Die Opposition hat in ihrem Entschließungsantrag erwähnt, dass Baden-Württemberg ein solches Förderprogramm aufgelegt hat. An dieser Stelle sei mir der Hinweis erlaubt, dass die Personalkategorie der Juniorprofessur in Baden-Württemberg erst mit dem Landeshochschulgesetz vom 1. Januar 2005 eingeführt worden ist. Das heißt, die BadenWürttemberger hinken im Vergleich zu Niedersachsen weit hinterher. Dass sie aus der Sorge heraus, den Anschluss zu Ländern wie Niedersachsen zu verlieren, gesagt haben „Wir fördern das jetzt in besonderer Weise“, ist aber noch kein Argument, das man auf niedersächsische Verhältnisse übertragen könnte. Wir sind vielmehr bereits so gut, dass andere deshalb Förderprogramme auflegen. Wir selbst brauchen das an dieser Stelle nicht. Nach meinem Dafürhalten wäre es auch vom systematischen Ansatz her falsch.
Lassen Sie mich nun einige ganz kurze Ausführungen zum Thema Tenure Track machen. Diese Möglichkeit ist nach dem NHG gegeben, übrigens im Gegensatz zu vielen anderen deutschen Ländern. Sie werden zugeben müssen, dass wir auch hier fortschrittlich sind.
- Ja, das haben Sie unterstützt. Meine Bitte ist aber: Wenn wir solche Debatten wie diese führen - sie werden ja hoffentlich auch außerhalb dieses Hauses wahrgenommen -, dann sollten wir über die Dinge, die wirklich gut sind, auch so reden, dass sie gut sind, und sie nicht ständig in ein schlechtes Licht stellen.
Es wird immer auf das Beispiel Vereinigte Staaten verwiesen. Dabei wird aber verschwiegen, meine Damen und Herren, dass die Tenure-Track-Option auch in den USA keinesfalls der Regelfall ist und dass auch dort zunehmend davon Abstand genommen wird, abgesehen davon, dass hier zwei unterschiedliche Systeme vorliegen. Sie werden mir recht geben, wenn ich immer häufiger darauf hinweise, dass es völlig falsch wäre, das amerikanische System undifferenziert auf europäische oder gar deutsche Verhältnisse übertragen zu wollen. Dies wird von vielen immer dann gemacht, wenn es gerade passt. Das ist aber unzulässig, weil die Unterschiede gravierend sind. Das ist keineswegs sozusagen ein übertragbares Modell. Also: Auch in den USA wird mehr und mehr davon Abstand genommen.

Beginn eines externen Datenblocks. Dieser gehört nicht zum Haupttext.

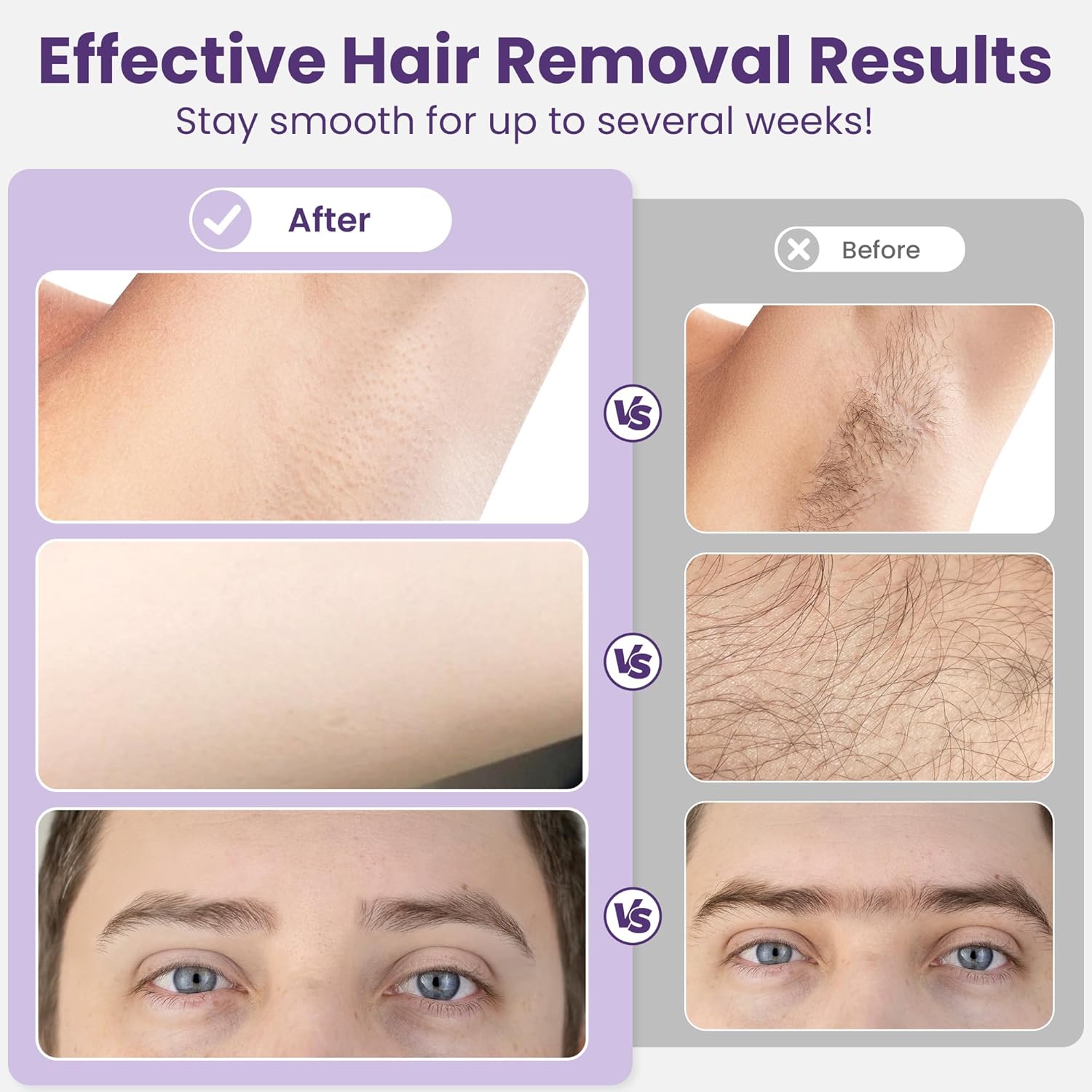 - Versatile Hair Removal: Achieve effective results on both coarse and fine hair in various areas, catering to full-body waxing needs. It's ideal for regions like underarms, legs, bikini area, face, eyebrows, and beard, providing a comprehensive hair removal solution.

Ob sich die Möglichkeit zu einer solchen Option eröffnet, zeigt sich meist erst während der Zeit der Anstellung als Juniorprofessorin oder Juniorprofessor. Ich bin sicher, meine Damen und Herren, dass die Hochschulen dabei die nötige Sorgfalt walten lassen und bei entsprechender Qualifikation und einem personellen Bedarf in dem entsprechenden Fach von dieser Option auch Gebrauch machen.